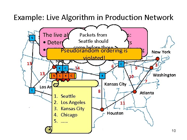 Example: Live Algorithm in Production Network S 13 The Seattle Packets from live algorithm does two things: Seattle should • Determine the ordering of events come before those • 10 back events violating the ordering Roll Pseudorandom ordering is from Los Angeles Chicago 14 violated! Salt Lake City K 13 L S C K 14 C K L C Los Angeles 1. 2. 3. 4. 5. 6 Seattle 16 Angeles Los Kansas City Chicago …… C Kansas City 8 3 9 10 K New York Washington 7 Atlanta 11 Houston 10
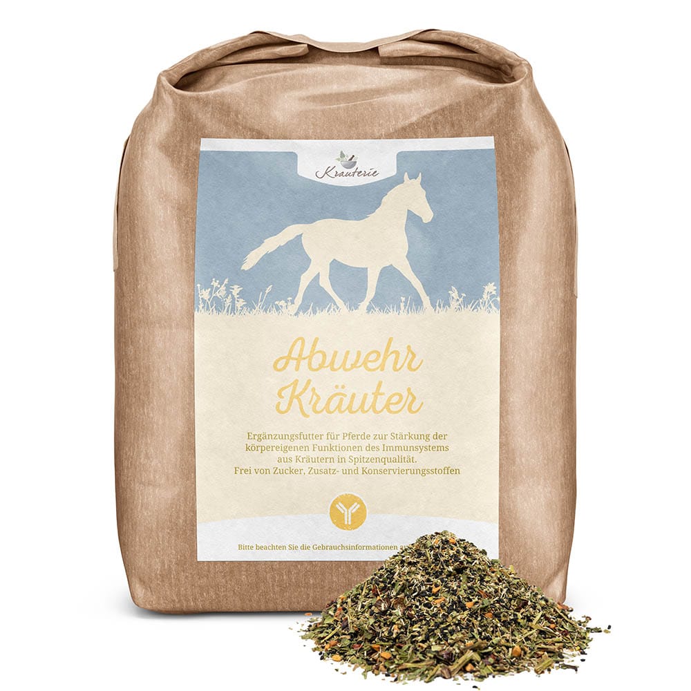 Die Krauterie Abwehr Kräuter sind ein Zusatzfutter für das Immunsystem des Pferdes. Sie stärken die körpereigenen Abwehrkräfte und die natürliche Immunfunktion – ganzheitlich und vielseitig.
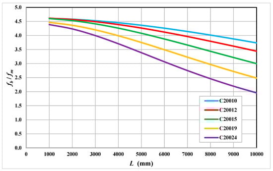 Figure 13 shows the variation of the ratio of the maximum stress due to the bimoment fb with the maximum stress due to the bending moment fm with the span length L for the five channels. The graph in Figure 13 shows that the fb/fm ratio is always greater than 1.0 for all practical span lengths, indicating that the maximum stress due to the bimoment is always greater than the maximum stress due to the bending moment. The ratio is particularly high for short span lengths and is also high for very thin channels. The ratio decreases as the span length increases, with the decrease being more significant for the thicker channels.

────────

#### How to complete this task
Would you repeat the material above exactly, line for line, from its first line to the line with "Die Krauterie Abwehr", including both and skipping every picture?

#### Solution to this exercise
 Example: Live Algorithm in Production Network S 13 The Seattle Packets from live algorithm does two things: Seattle should • Determine the ordering of events come before those • 10 back events violating the ordering Roll Pseudorandom ordering is from Los Angeles Chicago 14 violated! Salt Lake City K 13 L S C K 14 C K L C Los Angeles 1. 2. 3. 4. 5. 6 Seattle 16 Angeles Los Kansas City Chicago …… C Kansas City 8 3 9 10 K New York Washington 7 Atlanta 11 Houston 10
 Die Krauterie Abwehr Kräuter sind ein Zusatzfutter für das Immunsystem des Pferdes. Sie stärken die körpereigenen Abwehrkräfte und die natürliche Immunfunktion – ganzheitlich und vielseitig.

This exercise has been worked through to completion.